There are many note taking and To Do apps out there. Lately I’ve settled on Google Keep. This article will explain why.
First of all let’s talk about what Google Keep is and isn’t. It isn’t as full featured as One Note or EverNote. In fact personally I’ve found I use Keep for quick notes and ToDo lists, and OneNote for outlines and more extensive notes.
Google Keep does allow you to keep notes and lists. It synchronizes across all your devices and allows you to share and collaborate with others. And did I mention it is free!
So How Do I Use Google Keep Personally?
Fortunately, I have a three-screen setup for my personal “workstation”. I keep Google Keep Open on one of the screens all the time. You could certainly still just keep a tab open for Keep if that works for you.
I am using Google Keep more and more. It is simple and intuitive to use. It replaces a lot of paper sticky notes and Windows Sticky Notes. I do a lot of article writing and manage several web sites. I find I use the List functionality the most. As I complete lists, or they become out of date I move them to the Archive section. This comes in very handy when I look back and assess what I accomplished in the past week (which I try to do every Sunday.)
Here Are Some of the Lists I Normally Keep:
This Week’s To Do List – Once a week, usually on Sunday I make a list of all the things I want to accomplish during the week. This is really useful in making sure I get done what I really want as opposed to whatever pops up during a day.
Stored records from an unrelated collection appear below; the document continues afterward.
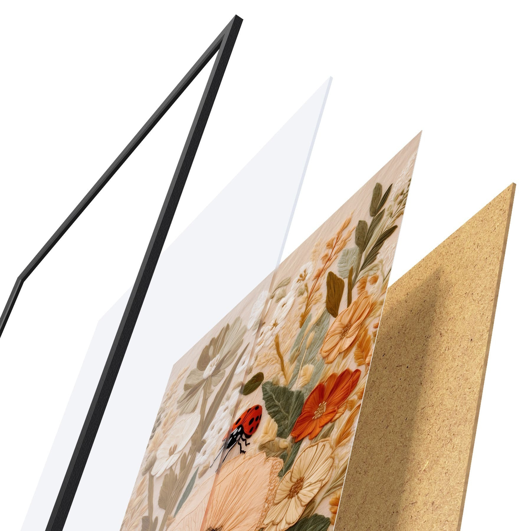 Plakát se skládá z rámu, plexiskla, tištěného obrazu a dřevotřískového podkladu. Díky úchytům na zadní straně lze plakát ihned zavěsit na zeď.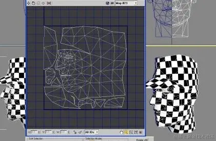 保存和加载映射。 接下来,取消隐藏原始模型并对其应用另一个 UNWRAP 修改器。单击“加载”,然后将克隆模型中的映射应用到最终网格上。单击“编辑映射”以检查映射是否正确加载。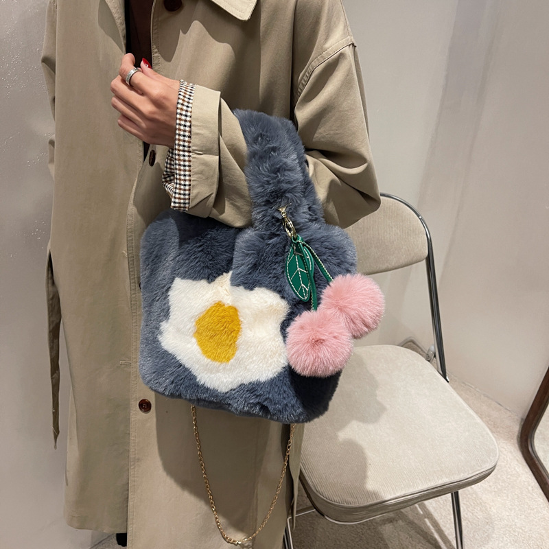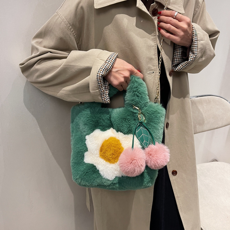 Fuzzy Egg Pattern Tote Bag With Cherry Pendant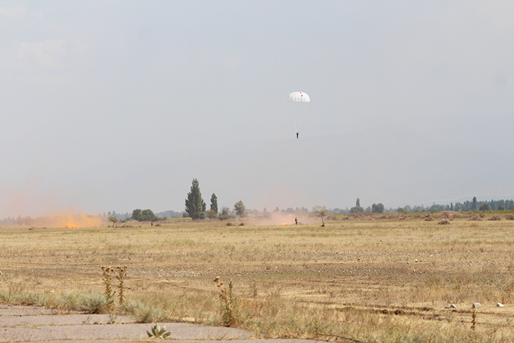 На базе войсковой части 23565 состоялись учебно-тренировочные прыжки с парашютом с вертолета Ми-8МТ и самолета Ан-26 с высоты 800 метров. Об этом сообщило управление информационного обеспечения Генерального штаба ВС КР.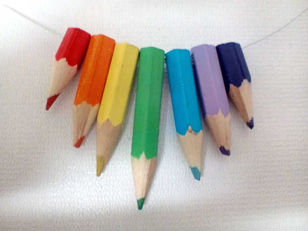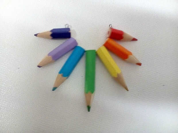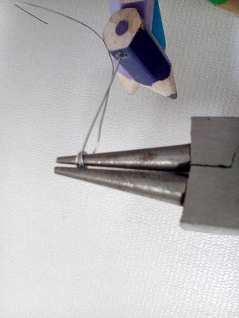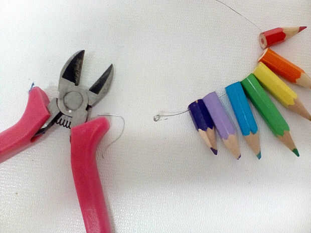 A continuación, enrosque los lápices sobre el alambre de calibre fino hobby. Forma el cable entonces, usando alicates de punta, crear lazos de alambre en cada extremo. Corte el exceso, luego introducir el extremo del alambre en el orificio de lápiz para ocultarlo. Repita ambos extremos.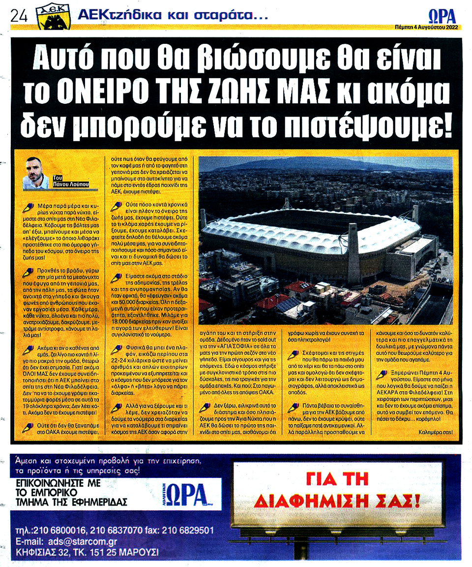ΑΘΛΗΤΙΚΗ ΩΡΑ ΤΩΝ ΣΠΟΡ - 4 Αυγούστου 2022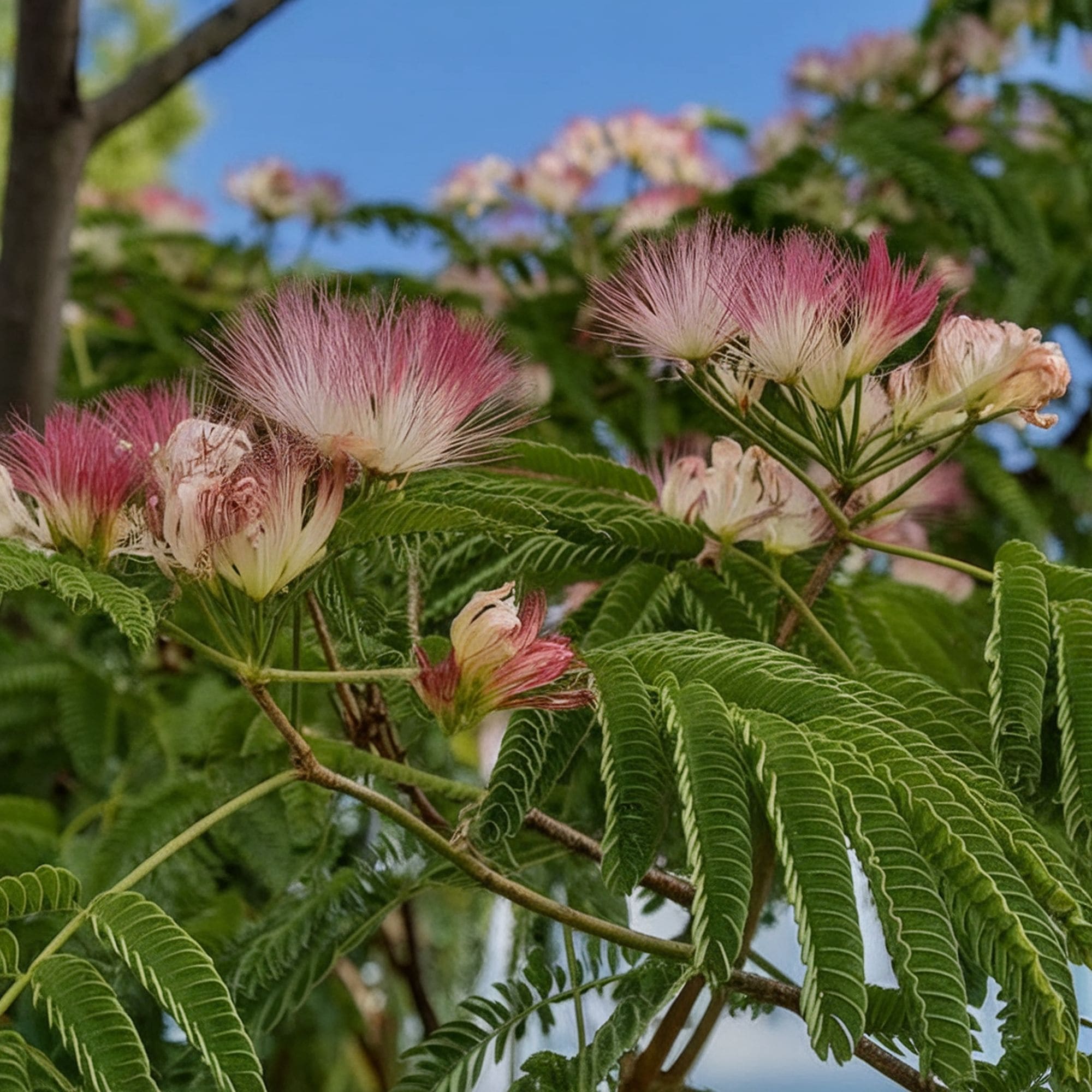 Despite the solid tolerance to drought and heat, mimosa performs ideally if you irrigate it in a consistent manner. It favors well-draining soil and can usually thrive in either full sun or part shade. The mimosa tree grows fast so you don’t have to wait a lot to enjoy the beautiful texture of its foliage and the unique thread-like flowers. It’s not surprising to find out that the mimosa tree is often called the silk tree. The maximum size of this tree should rarely reach more than 20 feet tall and wide.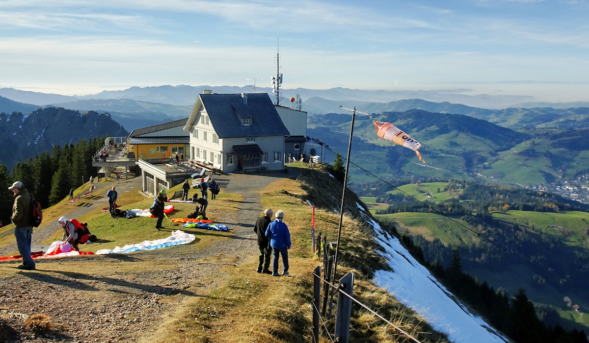 Über dem Bodensee liegt eine schwere Nebeldecke. Sie hält sich hartnäckig und trübt die Stimmung. Am besten vertreibt man diese Herbstdepression mit einer Wanderung in die Höhe. Die nahen Appenzeller Alpen in der Schweiz versprechen bestes Herbstwetter. Also packen wir unsere Sachen und fahren hinauf zum Schwägalppass unterhalb des Säntis (2.502 m). Von hier startet der schöne Wanderweg zum Kronberg.

Ideas – I subscribe to James Altucher’s mantra of writing down 10 ideas a day, even if they are bad ideas. I keep my idea lists in Word docs on my computer, but I have a Google Keep list where I house them temporarily as I think of them. That way I record them before I forget, but it doesn’t break my flow while I’m working on something else. (I’ll have to write a separate article on how I use Idea Lists!)
Articles to Work On – I keep a list of articles I want to work on during the week. As I complete the drafts I mark them complete and Keep moves them to the bottom of the list, showing them crossed out.
Article Drafts to Edit – I always want article drafts to sit for a day or more before I edit them. I keep a list of articles I want to edit, and again they are checked off as I complete the edit process.
Miscellaneous ToDo – This list is a catch all for all kinds of little things, mostly personal items.
Other Lists – I occasionally just make temporary lists for things that don’t fit into the above. They usually just get deleted after I am done with them.
Just a Couple Tips
Try the Dark Option. I like the simple blackboard like look. Obviously, you can customize Keep in many ways to suit your needs.
Use the Archive function. When a note is open Archive is an option at the bottom. Archive allows you to keep notes and lists available so you can later look at them without cluttering up your main note interface.
Devise your own system for using Keep and stick to it for a while. Like what I described above your system can assist with your own processes for getting things done.
Features I Don’t Use Too Much but Are There
I’ve barely touched the surface of what Google Keep can do. Here are some other features that I haven’t made too much use of yet, but you may find extremely useful:
- Include images
- Include drawings
- Copy notes over to Google Docs (actually have used this)
- Share with others
- Visibility across your devices (e.g. my Android Phone)
- Transcribe text from images
- Transcribe dictation into a note (could be real useful for some)
Give Google Keep a try. I may create a Part Two article as I make use of additional features!